What lines in the listing include "from"? Return a copy of each.

--- ENTRIES SUPPLIED ---
---*---

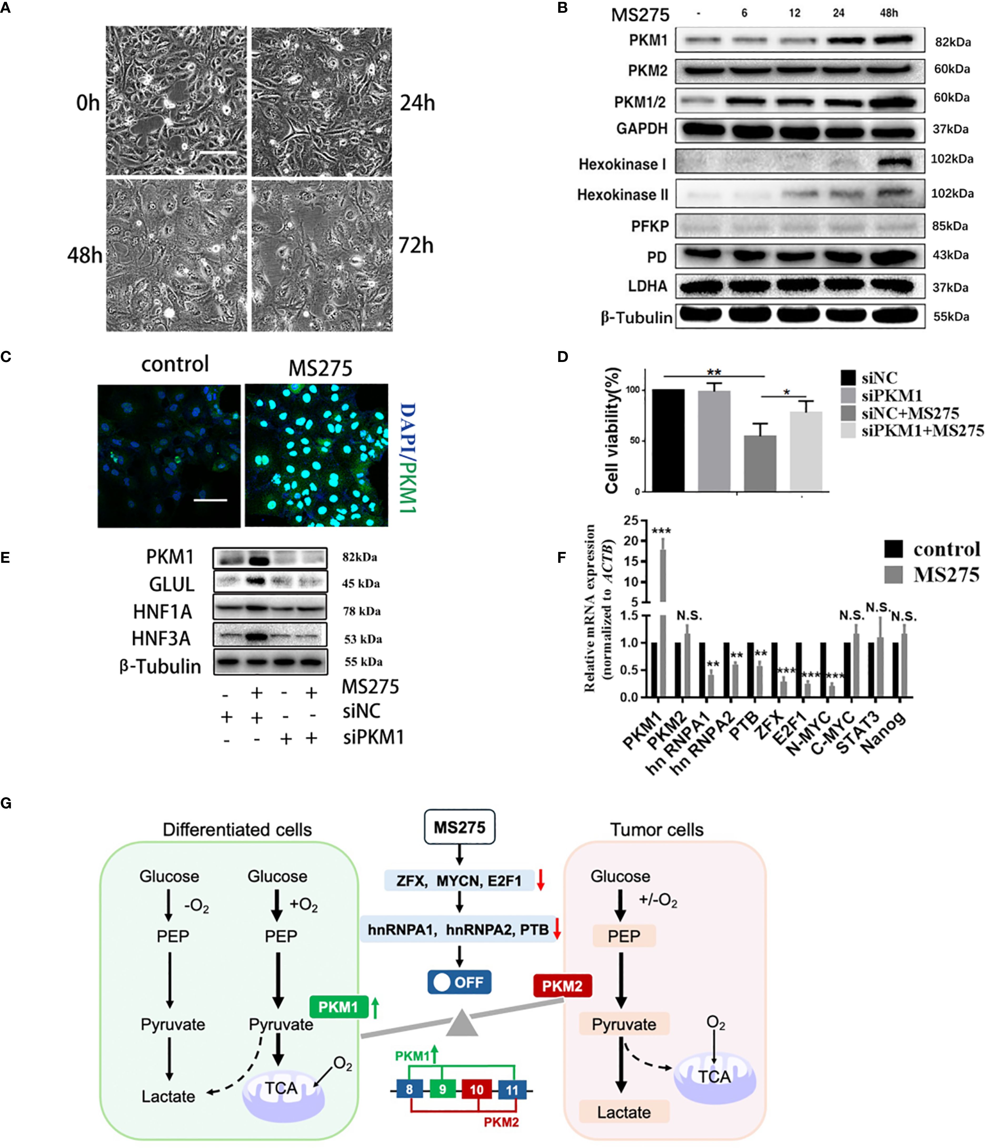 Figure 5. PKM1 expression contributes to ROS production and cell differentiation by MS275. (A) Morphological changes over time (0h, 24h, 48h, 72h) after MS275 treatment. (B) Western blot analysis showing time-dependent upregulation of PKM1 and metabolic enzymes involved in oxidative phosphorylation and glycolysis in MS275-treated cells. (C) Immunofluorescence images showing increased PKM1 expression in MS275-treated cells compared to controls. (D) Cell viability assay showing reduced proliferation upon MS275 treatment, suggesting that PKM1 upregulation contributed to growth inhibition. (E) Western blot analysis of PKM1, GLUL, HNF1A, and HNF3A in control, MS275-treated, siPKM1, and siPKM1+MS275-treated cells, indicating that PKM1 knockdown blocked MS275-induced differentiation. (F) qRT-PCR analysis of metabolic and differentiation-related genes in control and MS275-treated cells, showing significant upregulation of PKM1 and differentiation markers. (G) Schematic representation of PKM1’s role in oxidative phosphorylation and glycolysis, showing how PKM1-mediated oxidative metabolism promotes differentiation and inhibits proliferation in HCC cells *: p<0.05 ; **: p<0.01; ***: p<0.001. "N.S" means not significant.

---*---

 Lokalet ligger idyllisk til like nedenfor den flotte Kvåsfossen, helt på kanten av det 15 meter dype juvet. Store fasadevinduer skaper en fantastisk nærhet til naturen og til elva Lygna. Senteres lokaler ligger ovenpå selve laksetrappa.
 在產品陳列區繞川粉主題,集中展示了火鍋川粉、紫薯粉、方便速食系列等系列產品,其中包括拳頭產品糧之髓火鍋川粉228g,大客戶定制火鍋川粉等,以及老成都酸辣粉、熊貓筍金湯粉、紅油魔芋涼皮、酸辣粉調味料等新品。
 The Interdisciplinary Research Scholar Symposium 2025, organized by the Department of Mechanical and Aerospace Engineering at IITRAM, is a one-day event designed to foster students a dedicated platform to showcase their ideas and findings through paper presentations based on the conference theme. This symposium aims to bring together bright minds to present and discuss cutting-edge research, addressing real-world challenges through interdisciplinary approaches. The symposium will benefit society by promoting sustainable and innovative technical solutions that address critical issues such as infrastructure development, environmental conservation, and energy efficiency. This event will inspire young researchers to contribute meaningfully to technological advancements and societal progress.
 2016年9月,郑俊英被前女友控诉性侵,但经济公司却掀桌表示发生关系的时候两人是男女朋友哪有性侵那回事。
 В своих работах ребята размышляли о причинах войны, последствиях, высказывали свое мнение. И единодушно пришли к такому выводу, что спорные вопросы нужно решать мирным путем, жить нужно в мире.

---*---

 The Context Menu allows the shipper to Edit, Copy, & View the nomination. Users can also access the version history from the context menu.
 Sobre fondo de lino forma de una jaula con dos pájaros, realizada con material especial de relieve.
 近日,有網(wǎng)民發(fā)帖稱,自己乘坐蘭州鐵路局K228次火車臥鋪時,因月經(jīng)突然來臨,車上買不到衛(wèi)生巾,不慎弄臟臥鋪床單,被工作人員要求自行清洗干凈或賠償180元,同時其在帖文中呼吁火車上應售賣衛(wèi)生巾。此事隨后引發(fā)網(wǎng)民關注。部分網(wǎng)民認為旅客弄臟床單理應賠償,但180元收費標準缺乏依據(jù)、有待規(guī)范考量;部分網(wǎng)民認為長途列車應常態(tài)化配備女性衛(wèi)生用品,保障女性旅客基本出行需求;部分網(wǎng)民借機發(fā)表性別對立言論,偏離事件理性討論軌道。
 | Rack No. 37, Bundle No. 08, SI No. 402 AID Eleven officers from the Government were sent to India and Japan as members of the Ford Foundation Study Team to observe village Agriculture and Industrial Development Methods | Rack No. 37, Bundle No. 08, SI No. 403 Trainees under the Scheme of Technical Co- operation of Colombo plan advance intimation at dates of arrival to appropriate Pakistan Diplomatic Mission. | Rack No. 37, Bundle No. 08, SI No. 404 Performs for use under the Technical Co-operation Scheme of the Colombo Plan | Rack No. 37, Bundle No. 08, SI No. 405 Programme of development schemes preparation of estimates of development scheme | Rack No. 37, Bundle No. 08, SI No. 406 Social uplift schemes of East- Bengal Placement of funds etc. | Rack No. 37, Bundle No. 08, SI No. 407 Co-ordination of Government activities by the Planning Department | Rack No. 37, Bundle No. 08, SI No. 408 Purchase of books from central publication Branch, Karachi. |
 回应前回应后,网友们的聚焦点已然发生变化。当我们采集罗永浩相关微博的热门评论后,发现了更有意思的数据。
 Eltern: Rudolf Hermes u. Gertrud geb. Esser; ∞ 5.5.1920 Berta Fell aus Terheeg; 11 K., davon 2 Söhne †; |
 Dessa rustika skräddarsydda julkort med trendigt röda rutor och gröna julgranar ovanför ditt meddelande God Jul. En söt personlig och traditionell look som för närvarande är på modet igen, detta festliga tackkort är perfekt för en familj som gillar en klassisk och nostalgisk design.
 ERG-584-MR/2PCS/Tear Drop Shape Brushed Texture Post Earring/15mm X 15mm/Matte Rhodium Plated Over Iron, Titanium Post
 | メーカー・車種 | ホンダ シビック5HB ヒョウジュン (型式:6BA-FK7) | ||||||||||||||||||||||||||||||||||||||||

---*---

--- ANSWER SPACE ---
 The Context Menu allows the shipper to Edit, Copy, & View the nomination. Users can also access the version history from the context menu.
 | Rack No. 37, Bundle No. 08, SI No. 402 AID Eleven officers from the Government were sent to India and Japan as members of the Ford Foundation Study Team to observe village Agriculture and Industrial Development Methods | Rack No. 37, Bundle No. 08, SI No. 403 Trainees under the Scheme of Technical Co- operation of Colombo plan advance intimation at dates of arrival to appropriate Pakistan Diplomatic Mission. | Rack No. 37, Bundle No. 08, SI No. 404 Performs for use under the Technical Co-operation Scheme of the Colombo Plan | Rack No. 37, Bundle No. 08, SI No. 405 Programme of development schemes preparation of estimates of development scheme | Rack No. 37, Bundle No. 08, SI No. 406 Social uplift schemes of East- Bengal Placement of funds etc. | Rack No. 37, Bundle No. 08, SI No. 407 Co-ordination of Government activities by the Planning Department | Rack No. 37, Bundle No. 08, SI No. 408 Purchase of books from central publication Branch, Karachi. |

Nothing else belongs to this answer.